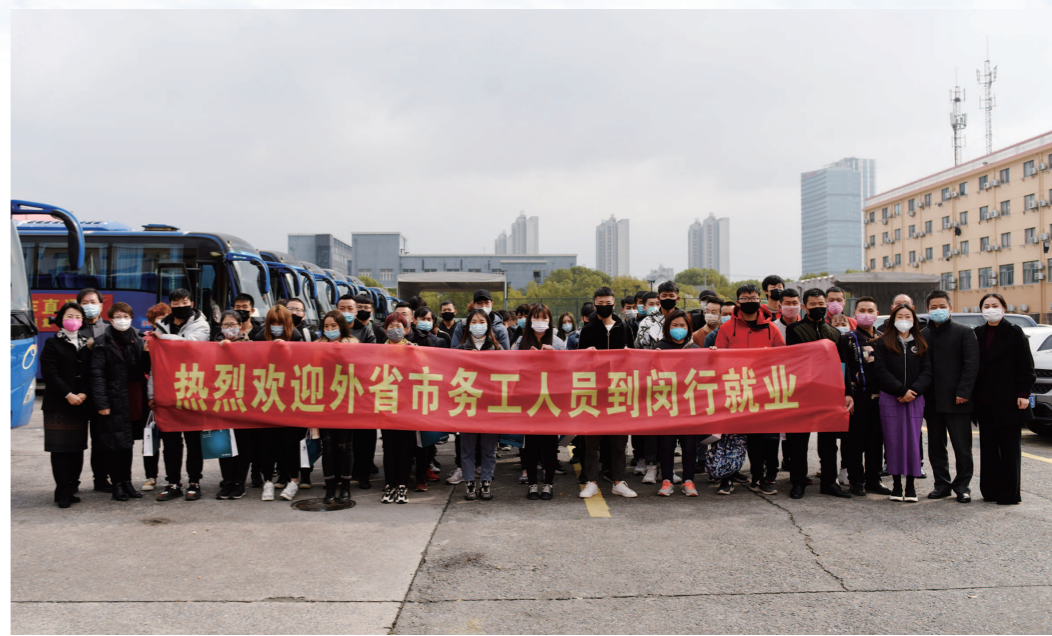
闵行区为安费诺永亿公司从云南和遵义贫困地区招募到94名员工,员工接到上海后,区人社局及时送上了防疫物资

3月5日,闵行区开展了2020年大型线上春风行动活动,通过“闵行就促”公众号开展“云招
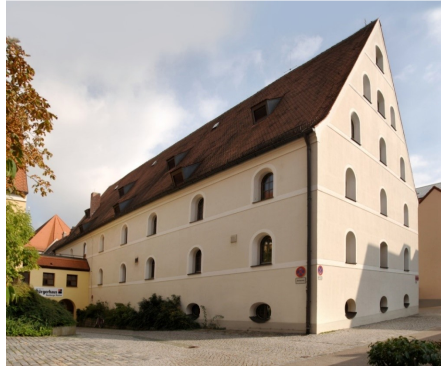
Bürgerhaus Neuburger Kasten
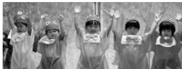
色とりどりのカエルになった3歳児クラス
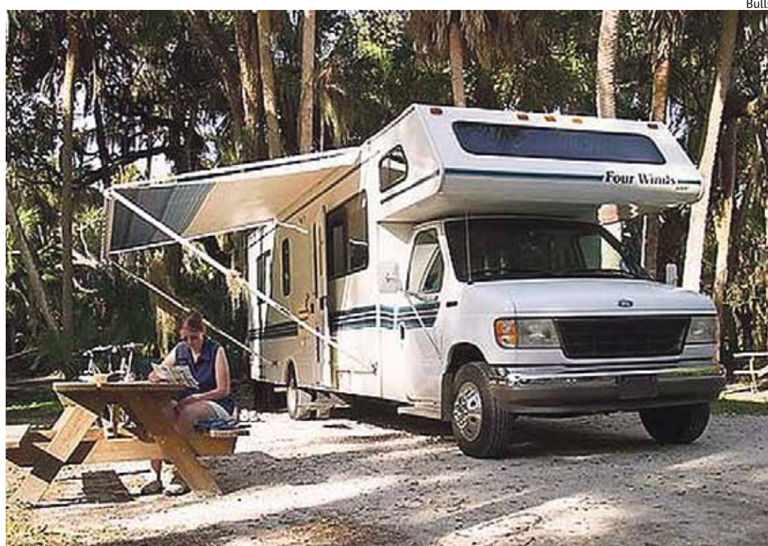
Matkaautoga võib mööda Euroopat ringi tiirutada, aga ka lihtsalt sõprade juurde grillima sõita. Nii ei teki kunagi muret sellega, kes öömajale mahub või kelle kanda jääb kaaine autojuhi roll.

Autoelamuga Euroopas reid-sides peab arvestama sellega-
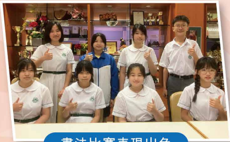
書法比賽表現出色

■ **What is being asked**: Your copy must match the records above exactly, apart from the pictures, which are excluded.

■ **Task response**:
闵行区为安费诺永亿公司从云南和遵义贫困地区招募到94名员工,员工接到上海后,区人社局及时送上了防疫物资

3月5日,闵行区开展了2020年大型线上春风行动活动,通过“闵行就促”公众号开展“云招
Bürgerhaus Neuburger Kasten
色とりどりのカエルになった3歳児クラス
Matkaautoga võib mööda Euroopat ringi tiirutada, aga ka lihtsalt sõprade juurde grillima sõita. Nii ei teki kunagi muret sellega, kes öömajale mahub või kelle kanda jääb kaaine autojuhi roll.

Autoelamuga Euroopas reid-sides peab arvestama sellega-
書法比賽表現出色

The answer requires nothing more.